Buddhism based on the teachings of the Lotus Sutra and Tiantai philosophy became available during the Japanese colonial administration of Korea. Korean Buddhism at that time also had to compete with propagation from religious groups such as Japanese Buddhism, Christianity, and Shinto. For example, the Nichiren-based Buddhist sects in Korea at that time mostly had Japanese people, as shown in the chart below with the numbers of followers in late December of 1939.

| Nichiren Buddhist Sects in Korea | Number of Followers in Korea (both Japanese and Koreans) | Number of Korean Followers in Korea |
|---|---|---|
| Nichiren-shū | 17,633 | 73 |
| Hokke-shū | 1,684 | 0 |
| Honmon Hokke-shū | 6,859 | 1,056 |
| Kempon Hokke-shū | 449 | 14 |
| Fuju-fuse | 137 | 0 |
| Total | 26,762 | 1,143 |

It was the 20th century Korean Buddhist monk, Hye-un (惠雲), who first created the modern day Beophwagye jongdan in Korea. He was the leading Korean person during the Japanese colonial period to study the Lotus Sutra as understood by Nichiren priests of his time. His greatest influences were two Japanese Buddhist priests: one from Honmon Butsuryū-shū and the other one from Honmon Hokke-shū.

There were conferences for the purpose of creating a modern Korean Buddhist tradition centered around the Lotus Sutra during the later part of the Japanese colonialism under Hye-un. After the Korean independence, Daeseung Bulgyo Beophwahoe (大乘佛敎法華會) was created under his leadership in 1945. Its goal was to Korean-ize the Nichiren Buddhist doctrine and practices. However, the death of Hye-un negatively affected the operation of Daeseung Bulgyo Beophwahoe that later created Buddhist orders led by his subordinates that later became five major Beophwagye jondan today.

There are other Beophwagye jongdan that did not root in Hye-un's involvements. The prominent examples are Yeongsan Beophwa Order of Korean Buddhism and the revived Cheontae Order of Korean Buddhism. However, the Cheontae Order that currently exists today can arguably be classified as a Tiantai-based Buddhist order similar to how Tendai Buddhism in Japan is its own classification.

==List of Beophwagye jongdan==
There are numerous organizations pertaining to the doctrinal understanding based on the teachings of the Lotus Sutra today.
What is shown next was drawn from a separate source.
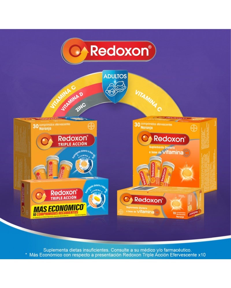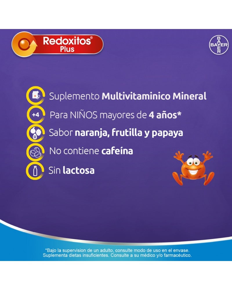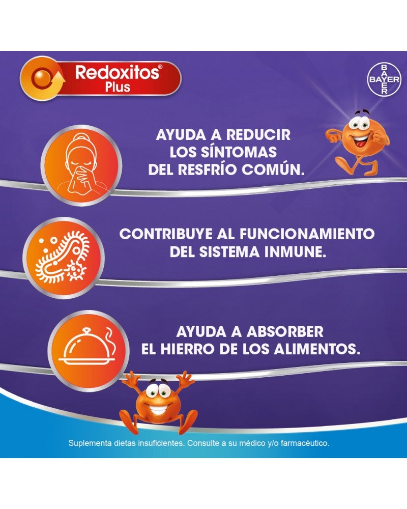 "Redoxitos Plus de Bayer con su fórmula avanzada de Vitamina C, Vitamina D y Zinc ayuda a fortalecer las defensas de los niños frente a los desafios de todos los dias de tres maneras: - La Vitamina C: Ayuda a disminuir la severidad e intensidad de los sintomas del resfrio comun y gripe. - El Zinc trabaja en sinergia con la Vitamina C manteniendo sólida a la barrera de la piel y luego colabora en la formación de anticuerpos. - La Vitamina D es fundamental para lograr una piel y huesos saludable pero también cumple un rol crucial en ayudar a la activacion las células del cuerpo para combatir infecciones. Su innovador formato en pastillas masticables, sabor naranja frutilla y papaya, facilita la tarea de los padres, ya que los chicos disfrutaran al comerlo, mientras el producto ayuda a reforzar su sistema inmune. Redoxitos Plus los ayuda a estar mejor preparados para enfrentar sus desafíos cotidianos y poder jugar, explorar y divertirse."
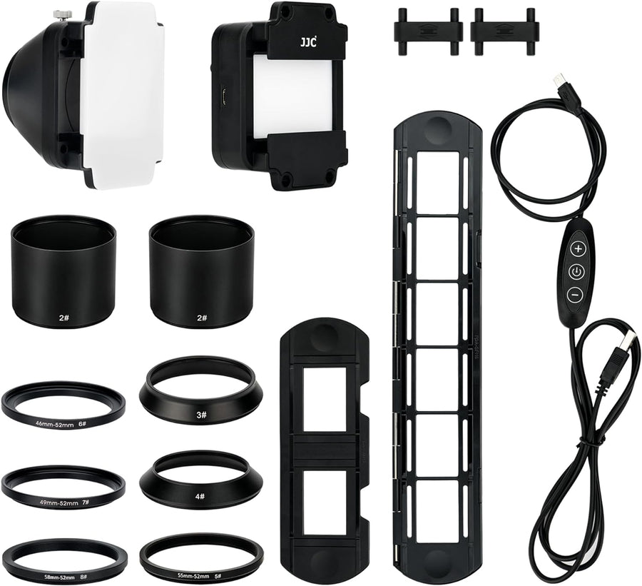 - 【Komplettes Zubehör】 Das Diascanner-Set enthält 1x Lauf, 8x Adapter, 1x 35-mm-Filmhalter (Negativhalter), 1x 35-mm-Diahalter (Positivhalter), 1x LED-Licht mit 42 Perlen und Fotos - Funktioniert eigenständig, kein Computer / anderes Kamerazubehör

- Daeseung Bulgyo Beophwahoe (大乘佛敎法華會)
  - Gwaneum Order of Korean Buddhism (大韓佛敎觀音宗)
    - Bulip Order of Korean Buddhism (大韓佛敎佛入宗)
  - Beophwa Order of Korean Buddhism [Daehan] (大韓佛敎法華宗)
  - Ilseung Order of Korean Buddhism (大韓佛敎一乘宗)
  - Beophwa Order of Korean Buddhism [Hanguk] (韓國佛敎法華宗)
- Bomun Order of Korean Buddhism (大韓佛敎普門宗)
- Bulseung Order of Korean Buddhism (大韓佛敎佛乘宗)
- Yeonhwa Order of Korean Buddhism (大韓佛敎蓮華宗)
- Yeongsan Beophwa Order of Korean Buddhism (大韓佛敎靈山法華宗)
- Cheontae Order of Korean Buddhism (大韓佛敎天台宗)
- Yeore Order of Korean Buddhism (韓國佛敎如來宗)

==Influence of Nichiren Buddhism impacted today==
Just like Nichiren-shū, Beophwagye jongdan express no discrimination between the Jeokmun ( section, 迹門) and Bonmun (本門) sections of the Lotus Sutra, in accordance to the itchiha (一致派) approach in Nichiren Buddhism.

Nichiren Buddhist organizations such as Honmon Butsuryū-shū and Nichiren-shū exist in South Korea. However, Honmon Butsuryū-shū has weakened its presence and only one Nichiren-shū temple exists.

Nichiren Shōshū also exists in South Korea, although it has a negative public image.